Dr. James Atkinson was a notable surgeon, Orientalist, soldier and artist. Atkinson studied medicine in Edinburgh and London, and was appointed assistant surgeon in the Bengal establishment in 1805.
In 1810 he was appointed to the post of Assistant Assay Master at the mint in Calcutta, and in 1817 also entrusted with the superintendence of the Government Gazette, the official British journal in India. Famed in his day for his immense knowledge of Persian literature, he was as an accomplished Persian scholar, translator of classic literature and served as Deputy Professor of Persian Art at Fort William College.
In 1838 Atkinson was appointed Superintending Surgeon of the Army of the Indus Bengal division and preceded with the Army under Sir John Kean to re-establish the pro-British Shah Shujah Al Mulk in Afghanistan amid concerns the Russian Empire was seeking to establish alliances in the region. Atkinson took part in the storming of Ghuznee in 1839 for which he was awarded the Order of the Dooranee Empire but in 1840 was recalled to India to take up the post of Superintending Surgeon of the Cawnpore Division thus escaping the subsequent rebellion that saw an estimated 16,000 British soldiers and their dependants slaughtered in a week by the Afghans.

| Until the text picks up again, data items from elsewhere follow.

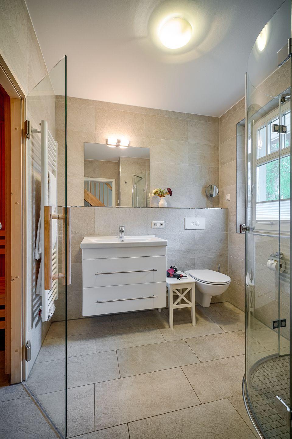 Bad mit ebenerdiger Dusche, anliegender Sauna
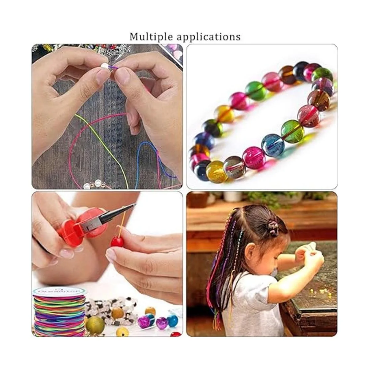 Cuerda arcoíris: el cordón elástico para cuentas es de color arcoíris, lo que hará que tu pulsera o collar sea especial y bueno para proyectos de cuentas y manualidades. La cuerda elástica de cuentas de pony es ideal para niños, artesanos y amantes del bricolaje. La cuerda elástica para pulseras es un gran regalo para Acción de Gracias y Navidad.
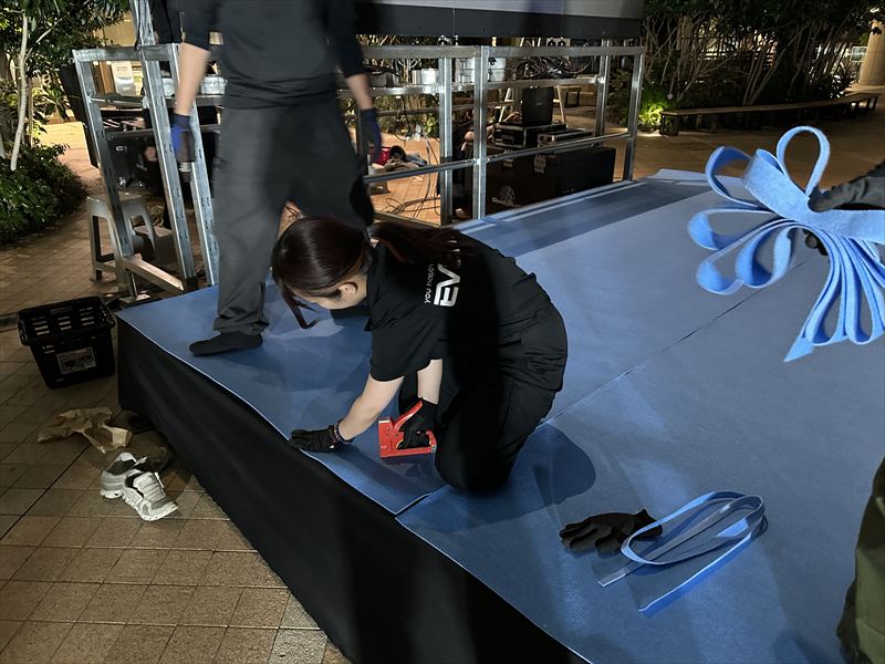 安全面を最優先に、水平確認や固定作業を丁寧に行い、屋外イベントならではの環境に配慮しながら作業を進めていきます!
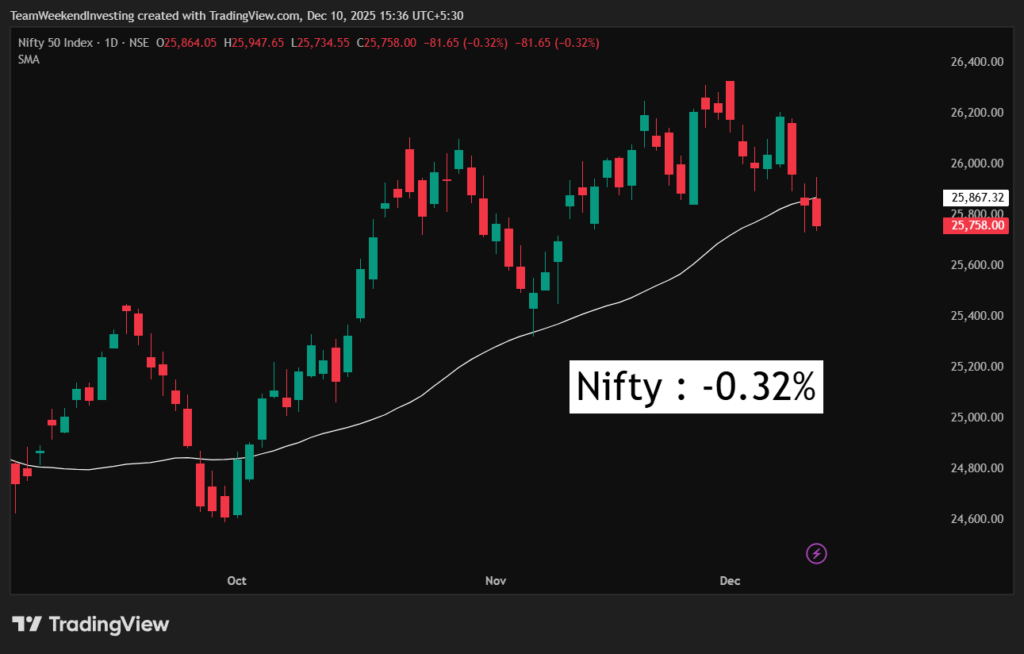 Looking at the market chart, this is the third day running where Nifty also has not been able to hold on. We are decisively in a short-term downtrend for sure, although how far down is not known. We’ve closed this gap that was available here, and the next pivot perhaps is somewhere near 25,300. So that’s sort of the natural next stop for the markets.
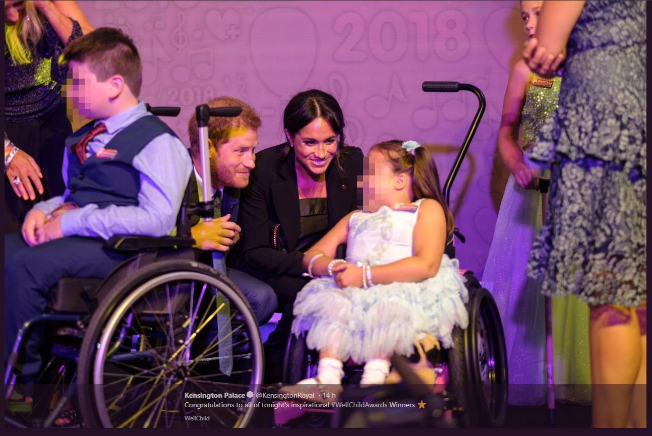 Duka dhe dukesha e Sussex kanë marrë pjesë në WellChild Awards, në nder të fëmijëve britanikë të sëmurë rëndë dhe kanë folur me Matilda Booth, një vajzë 7 vjeçare e Sowerby Bridge, e cila ka probleme me shtyllën kurrizore dhe lëviz vetëm nëpërmjet një karrigeje me rrota.
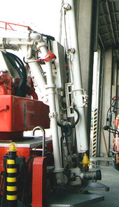 この車両はA−1級のポンプの他に真ん中の丸いタンクに宮田工業製の粉末消火剤タンク(粉末消火器と中身は同じです)を備えています。ロングシャーシを使用し、ブームがキャブ上部に来ないような艤装をしています。おそらく、車庫が低いか、発電所内で配管等により、車高の高い車両が通行できない所がある為、このような艤装になったと思われます。
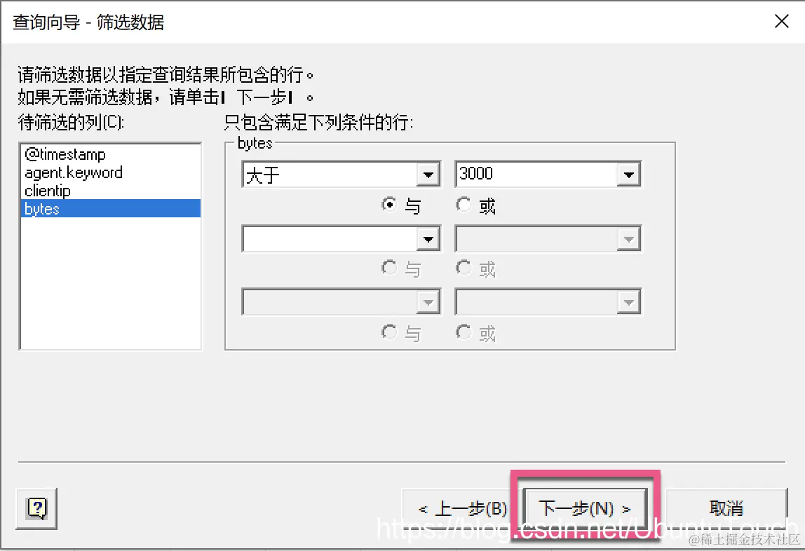 我们可以分别对相应的字段进行查询。例如,在上面,我们只对 bytes 大于3000 的文档感兴趣。等我们选择完后,点击 “下一步”:
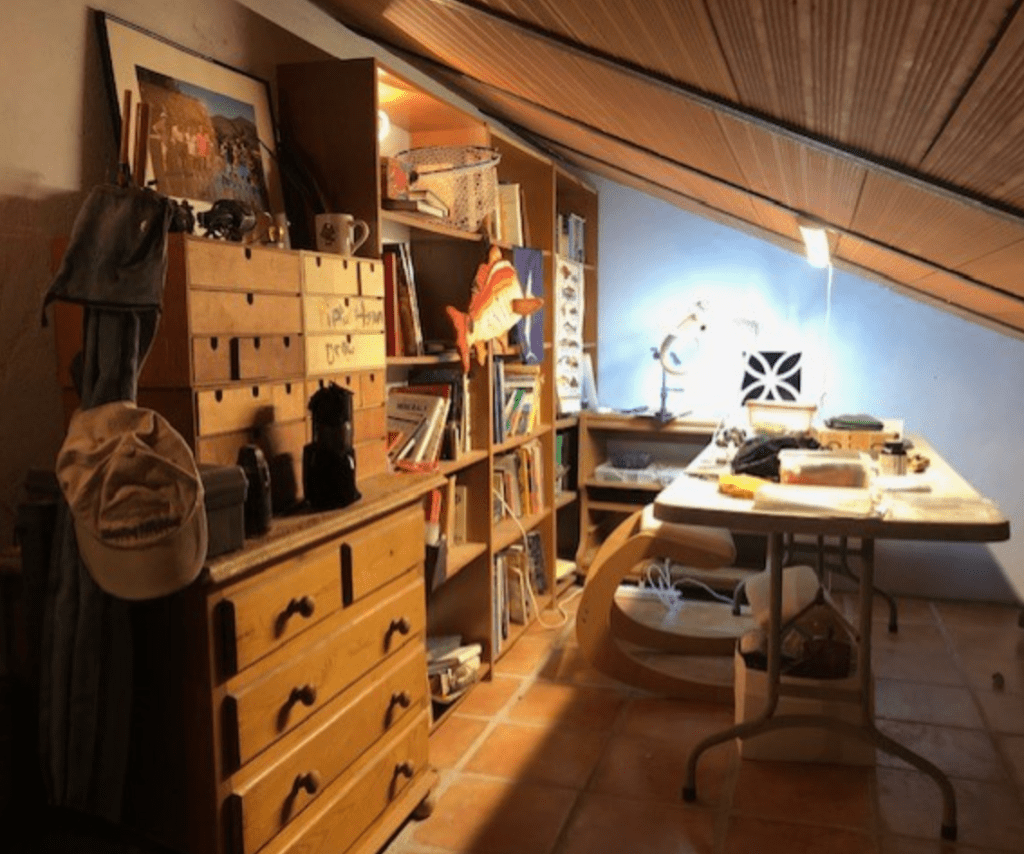 It is now a few weeks on and my cave is shaping up nicely. I fixed up some lights and found a nice big table to help me to resurrect my interest in painting. On another little compact table there is a vice for tying flies. And there is comfy chair for reading. I am sitting on that chair right now as I type these words. In the background, from a bluetooth speaker on my fly tying desk, John Hiatt is singing Adios to California.
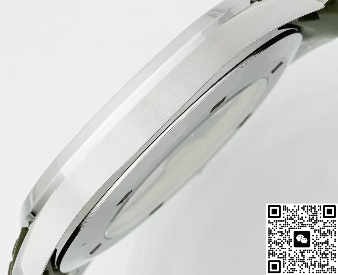 APW工厂百达翡丽高仿手表质量怎么样,看我下面的介绍就可以大致了解清楚。表壳的材质一共分为两层,最外层使用的是316L精钢材质,而内胆则是使用钨铜合金,表扣同样使用的是316L,整表称重115g,和正品的差距仅仅15g,这也是由于它表扣的材质使用的和正品的不一样,正品使用的是18K白金,不过整体重量对比其他工厂的来说算是最高的,上手份量感也很足。不管是中壳,圈口还是底盖全部是用正品3D反求,APW工厂把厚度压到8.3MM,和正品的8.25MM肉眼看简直难以分辨,穿衬衫也可以滑进袖口里,在视觉上显得更爆了。CNC之后APW工厂还会使用缎纹和抛光交替打磨,在圈口正面水平缎纹,之后从侧面镜面抛光,再倒角0.2MM,这一波操作下来整体拿在手上的手感非常圆润,而且不会搁手。APW工厂把这款百达翡丽百达翡丽Aquanaut 5168G-010的盘面还原的也不错,卡其绿色是APW工厂单独调漆出来的,2025年的批次比3K工厂暗个5%,就算在冷白LED灯光下面也不会变成翠绿跳色。盘面上的刻度是独立冲压的18K镀层,之后在顶部填充瑞士C3夜光粉,夜光的边缘也非常整齐没有溢出的现象。三点位的日历框和正品一样使用台阶形切削,就算放大十倍也看不到白边,不像其他低端高仿工厂一样是简单打孔。表带材质则是完全的新升级,使用的是Tropical复合胶,在2025新配方里边加入了8%的医用级氟橡胶,这种材质在-20°C的时候不会发硬,80°C的环境也不会回粘,放在海水里面浸泡一周也不会变色。
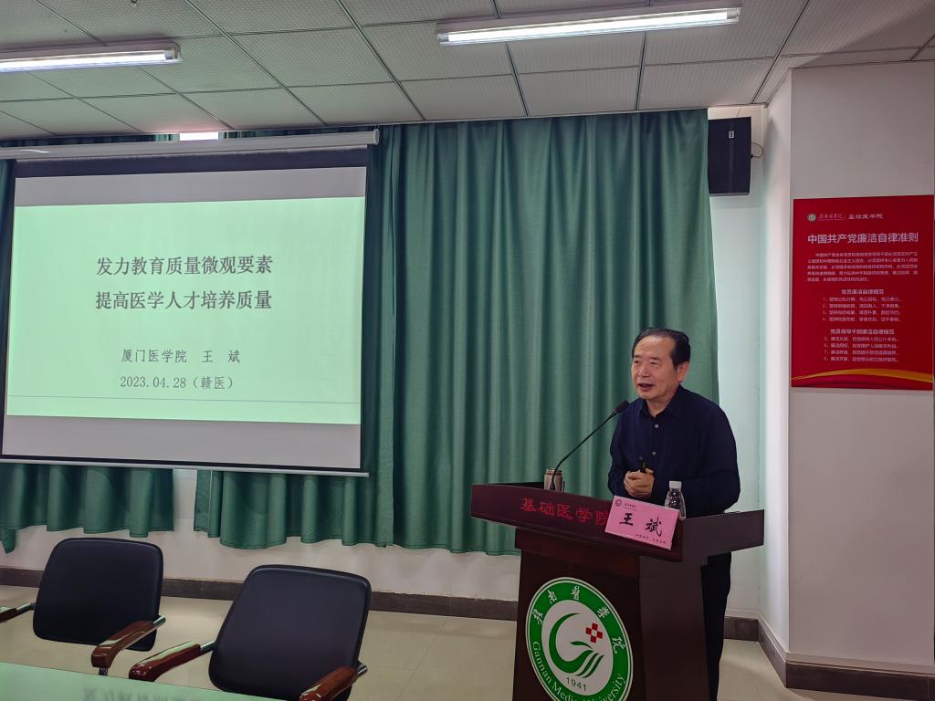 4月28日上午,全科医学学院邀请厦门医学院王斌教授在黄金校区开展“发力教育质量微观要素 提高医学人才培养质量”专题讲座,该院全体教职工及基础医学院教师代表60余人参加,全科医学学院党委副书记、院长罗晓婷主持。
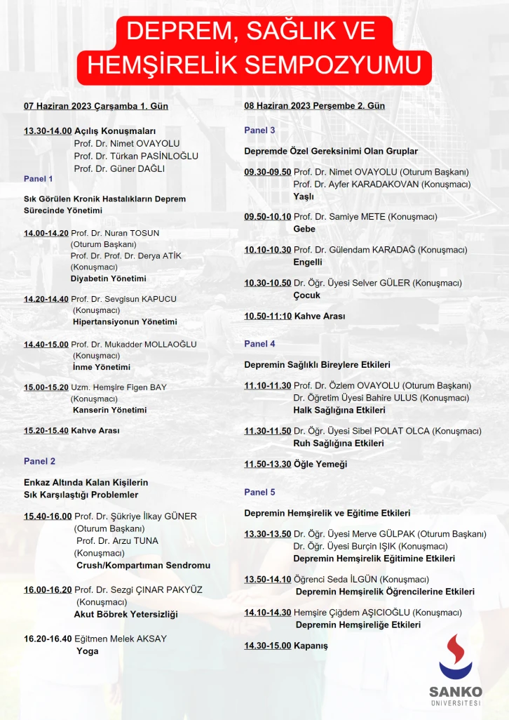 SANKO Üniversitesi Sağlık Bilimleri Fakültesi (SBF) Hemşirelik Bölümü tarafından “Deprem, Sağlık ve Hemşirelik” konulu sempozyum düzenlenecek.

In 1842 Atkinson published his journals of the march of the Army of the Indus from Sindh to Kabul via Quetta and Kandahar in 1839 and 1840 in The Expedition into Afghanistan, and in the same year issued Sketches in Afghanistan, a folio of 25 tinted lithographed plates. A second volume had been planned but the drawings were lost at sea en route to his publisher.
Atkinson’s experiences in Afghanistan provide an extraordinary first-hand visual record of one of the most disastrous and bloody campaigns in British military history, the first Anglo-Afghan war of 1839-42, whilst illustrating his perceptions of a new culture and the vibrancy of his work as an artist.